- Born: 29 January 1901 London
- Died: 21 October 1949 (aged 48) Aberdeen
- Other name: Fenella Crombie
- Spouse: John David Paton (Married 1923 - 1949)
- Parent: Minna Wason (Mother) John W. Crombie (Father)
- Relatives: Eugene Wason (Grandfather)

= Fenella Paton =

Scottish birth control activist and philanthropist

Fenella Paton or Fenella Crombie (29 January 1901 – 21 October 1949) was a philanthropist and pioneer of women. She founded the first birth control clinic in Aberdeen.

== Early life ==
Paton was born in London to Minna Wason and John W. Crombie.

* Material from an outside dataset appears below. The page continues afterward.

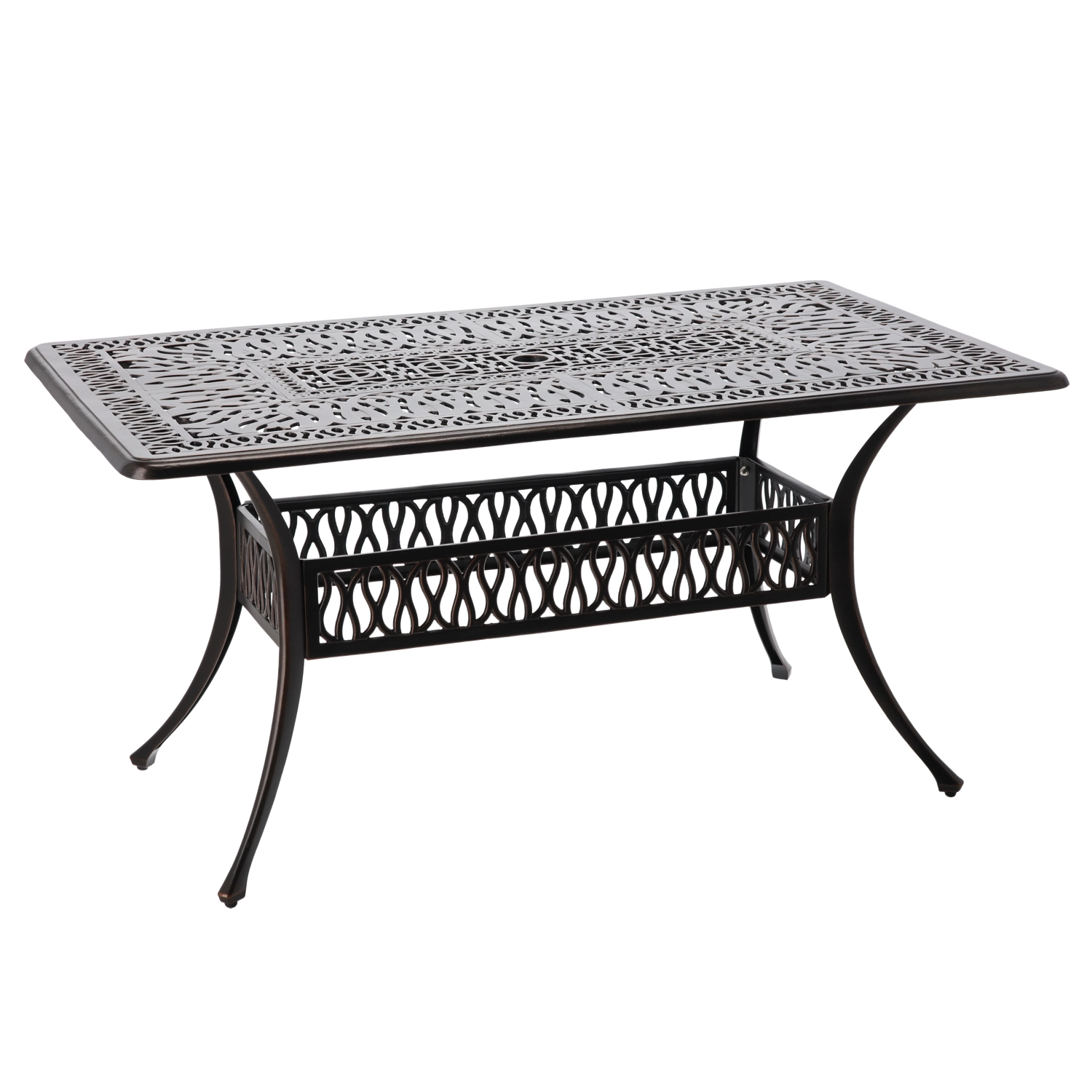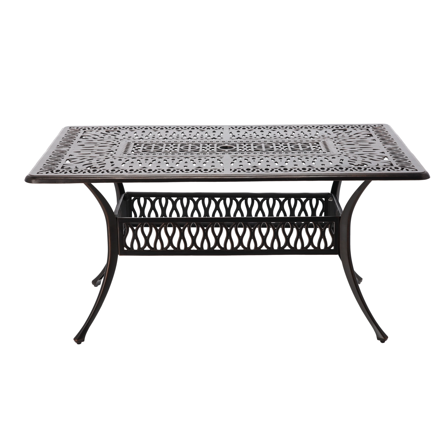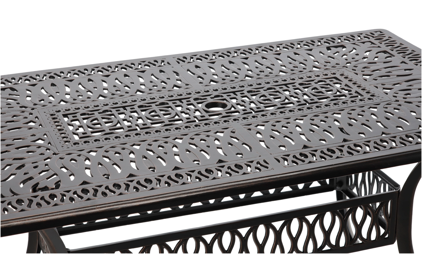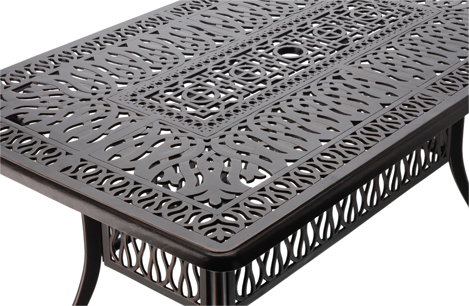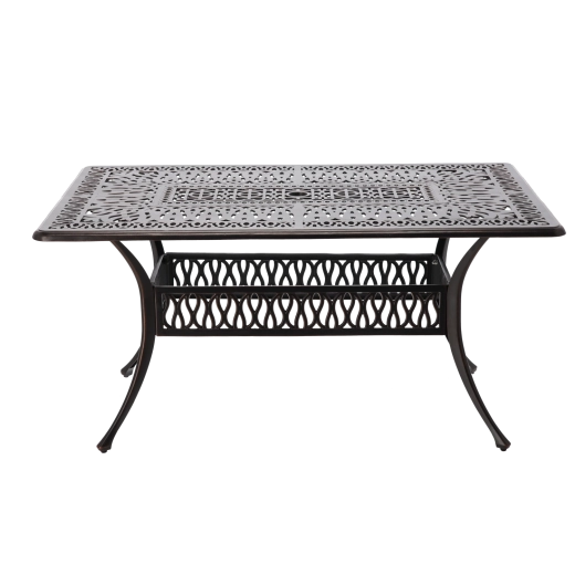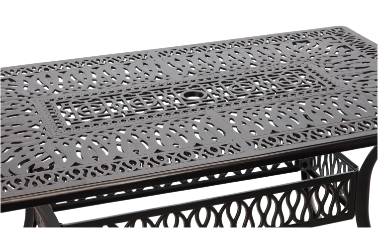 De Hastings-tafel is een tijdloos stuk voor buitenzitjes. Dankzij de duurzame aluminium constructie is hij licht maar sterk, en de poedercoating zorgt voor hoge weerstand tegen weer en corrosie. De antiek bronzen kleur met subtiel kopereffect geeft je terras een elegante uitstraling.

She was born into a political family. Her father was a Liberal MP for Kincardineshire and her grandfather was Liberal MP Eugene Wason.

Paton married John David Paton, of Grandhome, in 1923. They resided in Aberdeen and had two sons and four daughters.

== Aberdeen Women's Welfare Centre ==
Inspired by Marie Stopes work, Paton founded the Aberdeen Women's Welfare Centre in 1926. It provided advice on birth control to local women.

Paton ran the clinic along with volunteers. Initially the team consisted of a family doctor, Dr Florence Malcolm, and a Nurse, Mrs Rae. Although the clinic was not associated with Marie Stopes' organisation, Paton and Stopes corresponded and Stopes visited the clinic in 1933. After this visit, Dr Kathleen Fraser was appointed.

The clinic was funded by Paton, her mother, and friends. In 1935, Aberdeen City Council started to partially fund the centre. The clinic was funded by Paton until 1948, when it was transferred to the National Health Service.

Paton was also director of the Maternity Hospital and of Aberdeen Royal Infirmary.

== Philanthropy ==
Paton was a member of several charities and organisations in Aberdeen, including the YWCA.

She was praised for her involvement in St Katherine's Community Club, which helped girls from working-class backgrounds by organising social and educational activities.